> WHAT YOU NEED TO DO: Print the data once more, exactly as given. Drop the pictures.

> RECORDED INFORMATION:
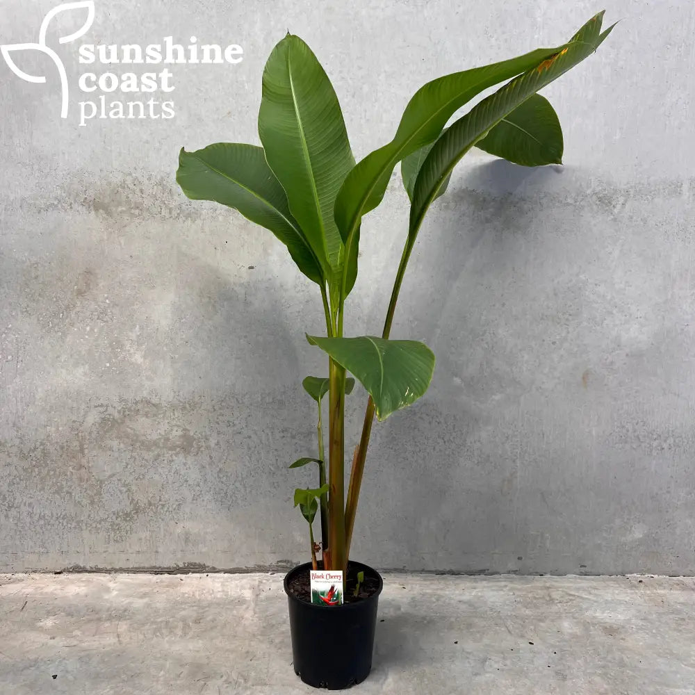 Heliconia 'Black Cherry' is a striking tropical perennial prized for its bold, dark burgundy bracts with cherry-red tones that create an exotic and dramatic display. The tall, upright flower spikes and lush green foliage bring an architectural element and a splash of intense colour to garden landscapes from spring through autumn. Growing to a height of 3.5-5 meters, 'Black Cherry' is ideal as a feature plant in tropical gardens, shaded borders, or as a standout in large containers.
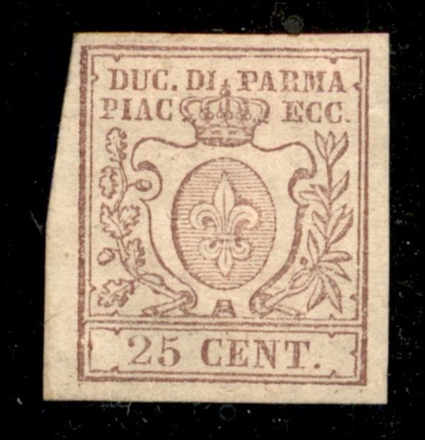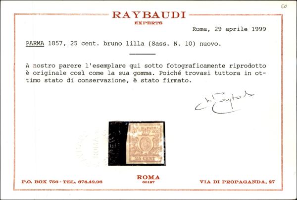 1857 - 25 cent bruno lilla (10) - nuovo con gomma originale e traccia di linguella - Diena + cert. Raybaudi
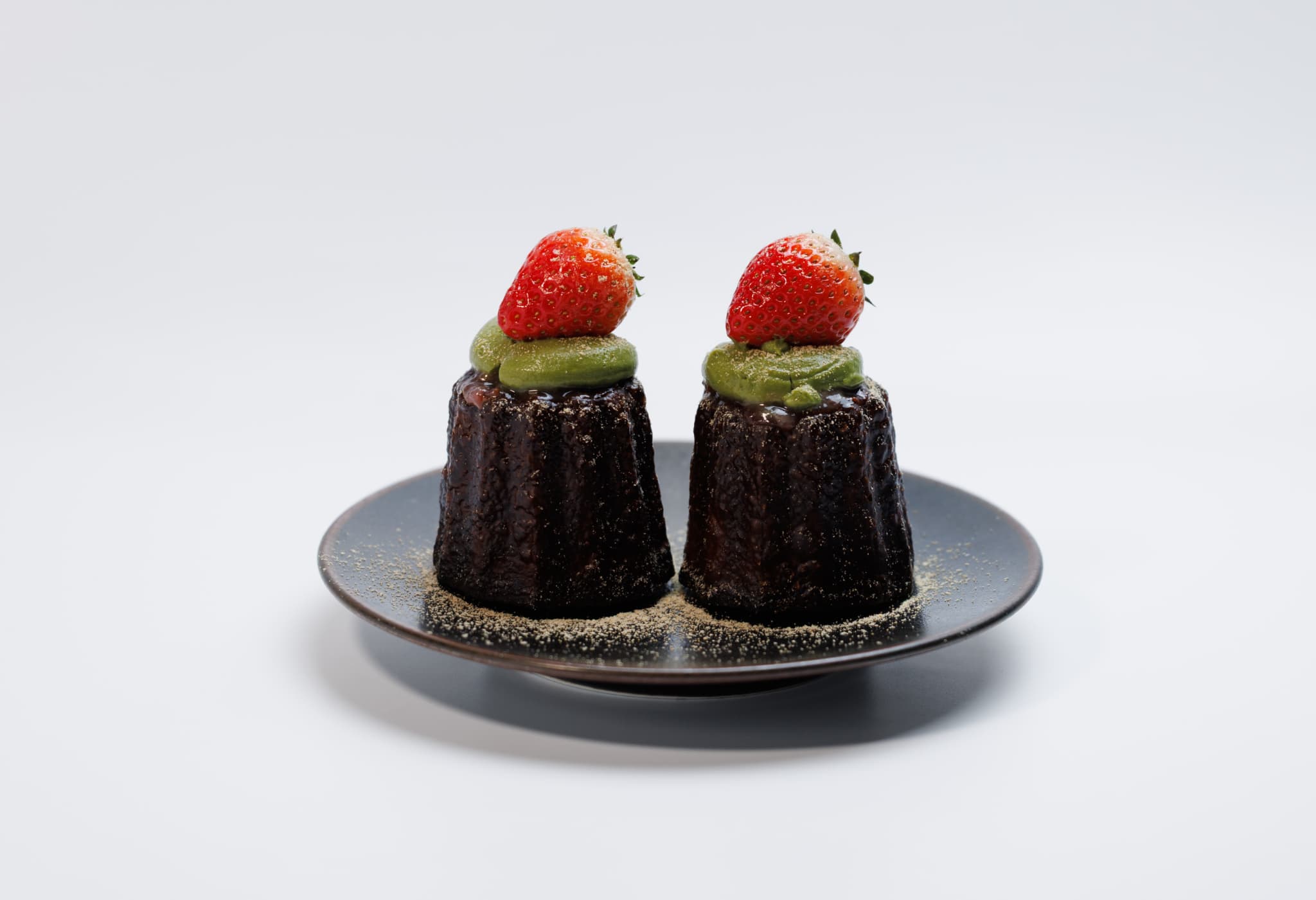 宇治抹茶クリームに、自家製の桜いちごソース&旬のいちごをトッピング。仕上げにきな粉を振りかけ、和テイストのカヌレにアレンジしました。
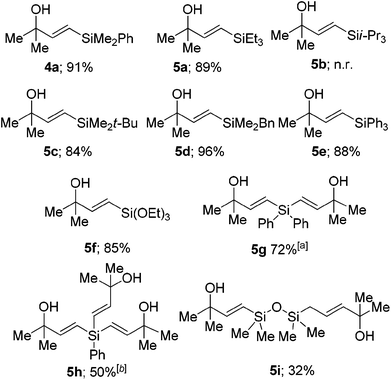 We conducted a competition experiment between propargyl alcohol 1a, but-3-yn-2-ol 1b, and 2-methyl but-3-yn-2-ol 3a where the reaction was conducted with one equivalent of each of the substrates and one equivalent of PhMe2SiH to ascertain the relative rate of reactions. As expected the tertiary alcohol reacted faster than the secondary which in turn was faster than the primary in a krel of 2.7

> RESPONSE AREA:
 Heliconia 'Black Cherry' is a striking tropical perennial prized for its bold, dark burgundy bracts with cherry-red tones that create an exotic and dramatic display. The tall, upright flower spikes and lush green foliage bring an architectural element and a splash of intense colour to garden landscapes from spring through autumn. Growing to a height of 3.5-5 meters, 'Black Cherry' is ideal as a feature plant in tropical gardens, shaded borders, or as a standout in large containers.
 1857 - 25 cent bruno lilla (10) - nuovo con gomma originale e traccia di linguella - Diena + cert. Raybaudi
 宇治抹茶クリームに、自家製の桜いちごソース&旬のいちごをトッピング。仕上げにきな粉を振りかけ、和テイストのカヌレにアレンジしました。
 We conducted a competition experiment between propargyl alcohol 1a, but-3-yn-2-ol 1b, and 2-methyl but-3-yn-2-ol 3a where the reaction was conducted with one equivalent of each of the substrates and one equivalent of PhMe2SiH to ascertain the relative rate of reactions. As expected the tertiary alcohol reacted faster than the secondary which in turn was faster than the primary in a krel of 2.7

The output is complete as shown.